What are the implications for Project Management? Well, in first-person transactions, the customer would be interested in the robustness of their subcontractors’ PM expertise in order to avoid overruns or delays in critical projects, particularly in Cost Plus Fixed Fee (CPFF) or Cost Plus Award Fee (CPAF) contracts. The suppliers of such project work would be motivated to support some level of PM expertise in order to prove to their current or prospective clients that they aren’t complete dufuses when it comes to managing large projects, and are deserving of the contract award. Both customer and supplier are strongly motivated to request and provide some level (note: not necessarily highly advanced) of PM expertise, and demonstrably so.

For second-person transactions, there’s still some level of motivation, albeit a bit lessened from first-person. People purchasing goods or services on behalf of a government, for example, are usually keenly aware of the need to spend taxpayer monies efficiently, if for no other reason than cases of foolish government expenditures tend to make for very bad press (the “bridge to nowhere” scenario, for example).

But now we come to the scenario where much PM chicanery is not only possible, but basically invited. In third-party transactions, where the PM practitioners are neither spending their own money for managerial expertise, nor receiving any goods or services from the contractors, I have to ask: what is their motivation? For example, when one of my favorite targets, the nefarious-but-unnamed guidance-generating organizations, pushes out another document stating that risk management is a really swell idea, and everyone in the PM world ought to do it, I have to ask: why? What business is it of theirs in the first place? What do they have to gain? These guidance-generating “experts” are the equivalent of a self-proclaimed know-it-all hanging around the electronics section of a major retailer, scolding customers if they don’t seek the same options or features the know-it-all thinks matter. Such a one would be sent packing by (real) managers in short order for being insufferable meddlers. In my opinion, the exact same thing should happen to these guidance-generating organizations.

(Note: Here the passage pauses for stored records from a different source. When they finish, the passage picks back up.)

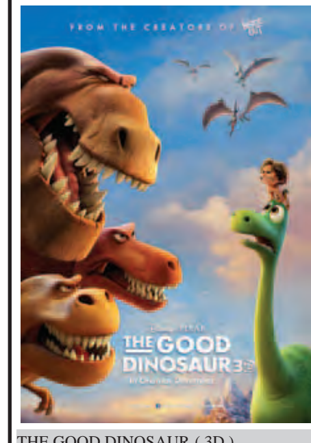
THE GOOD DINOSAUR ( 3D )

တကယ်လို့ ကမ္ဘာကြီးပေါ်ကို လွန်ခဲ့တဲ့နှစ်သန်းပေါင်းများစွာက ဥက္ကဋ္ဌခဲကြီးသာ ဝင်မတိုက်ခိုက်ခဲ့ရင် ကမ္ဘာကြီးပေါ်မှာ ယခုတိုင် ခိုင်နိမ့်ဆောသတ္တဝါကြီးတွေ ရှိနေနိုင်ပြီး မလားဆိုတာ လူတိုင်းသိချင်ကြမှာပါ။
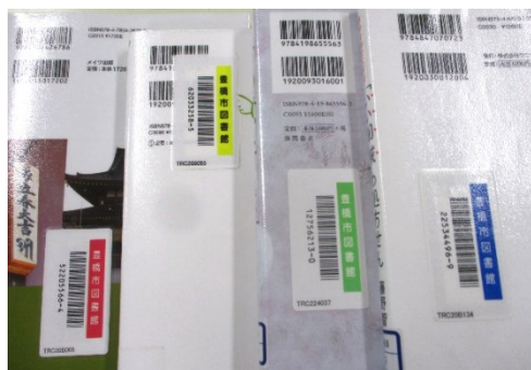
【左から、赤（大清水）、黄（まちなか）、緑（中央）、青（向山）】

バーコードの色によって、本を所蔵している図書館を判別することができます。バーコードの番号はひとつひとつ違い、その資料の情報がわかるようになっています。
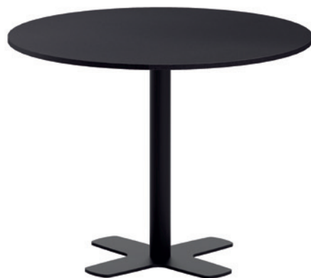
T Spinner FE ht75 100 ep79 HF00
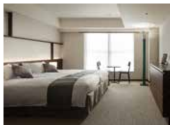
ENSO TWIN (約28㎡)
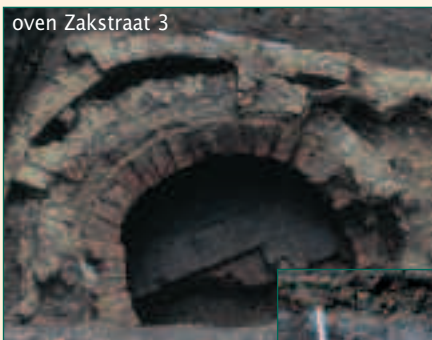
oven Zakstraat 3

Op dit terrein werden - naast twee kelders waarvan de ene kan gedateerd worden in de 16de eeuw - 3 waterputten en een oven teruggevonden.
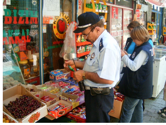
Gıda Satış Yerleri

Gıda üretim ve satış yerleri sürekli denetim altında tutuldu. Özellikle imalat ve son kullanma tarihleri kontrol edilerek son kullanma tarihi geçmiş gıda maddelerine imha edilmek üzere el konularak bu ürünleri satan işyerleri hakkında cezai işlemler yapıldı.
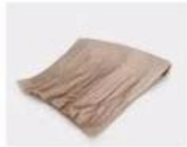
B. Corrugated paper
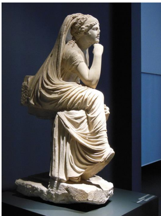
Рис. 3. Морская богиня с Тритоном, так называемая Фетида. Мрамор. Римская копия II в. н.э. с эллинистического оригинала. Национальный музей, Палаццо Массимо. Рим.

Формула изображения задумчивого человека была распространена и в римском искусстве. Таков образ Анаксимандра – римская копия греческого оригинала (Национальный музей, Рим) [15]. Аналогично представлено женское морское божество, предположительно, Фетида или Нереида с тритоном. Вновь это римская копия II в. н.э. с греческого оригинала эпохи эллинизма (Национальный музей, Рим) [38].
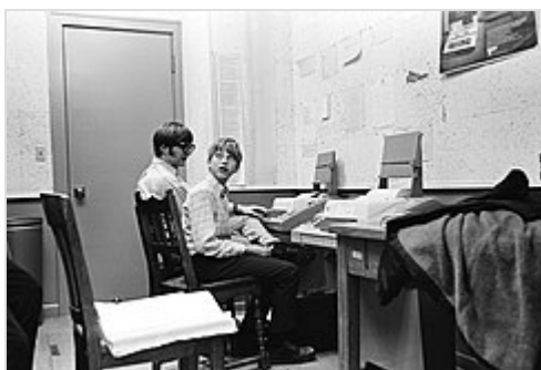
Allen (izquierda) junto a Bill Gates en Lakeside School, 1970

Asistió a la Lakeside School , una escuela privada ubicada en Seattle , y se hizo amigo de Bill Gates , quien era tres años más joven y compartió un entusiasmo común por los ordenadores. 4
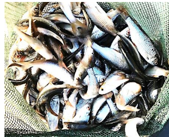
6.400 St Rotaugen+Rotfedern 8–10 cm und 50 kg Rotaugen über 20 cm
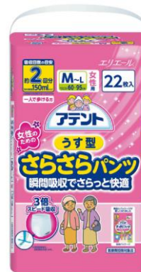
アテントうす型さらさらパンツ女性用 瞬間吸収でさらっと快適
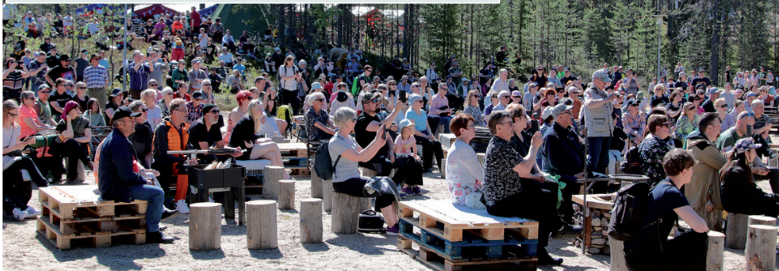
Sallan luontokeskukseen kokoontui arviolta 1500 ihmistä nauttimaan kauniista säästä ja avajaisten ohjelmasta 11.6.2022.

“But Michael!” I can hear GTIM Nation say. “Didn’t you just indict legit professional organizations, like the Project Management Institute®?” No, and here’s why. While PMI® certainly does generate guidance, they have skin in the game via the Certification Department. If someone with a PMI® credential asserts some truly dopey stuff (I’m not saying it never happens, but it’s far from common) then the entire brand suffers, from membership all the way up to the top execs. Conversely, risk managers can point to their allies in the guidance-generating world who assert any project bereft of RM is doing PM “wrong,” and pointing out the percentage of successful projects also bereft of RM will not overturn these assertions. It’s immune to real-world evaluation and analysis, because neither the consumer nor the supplier gains or loses a thing based on the validity of the “guidance.”

So, which PM techniques are most appropriate, efficient and effective for a given project? I have a good idea what the answers are. But first, I need to know: why do you want to do PM in the first place?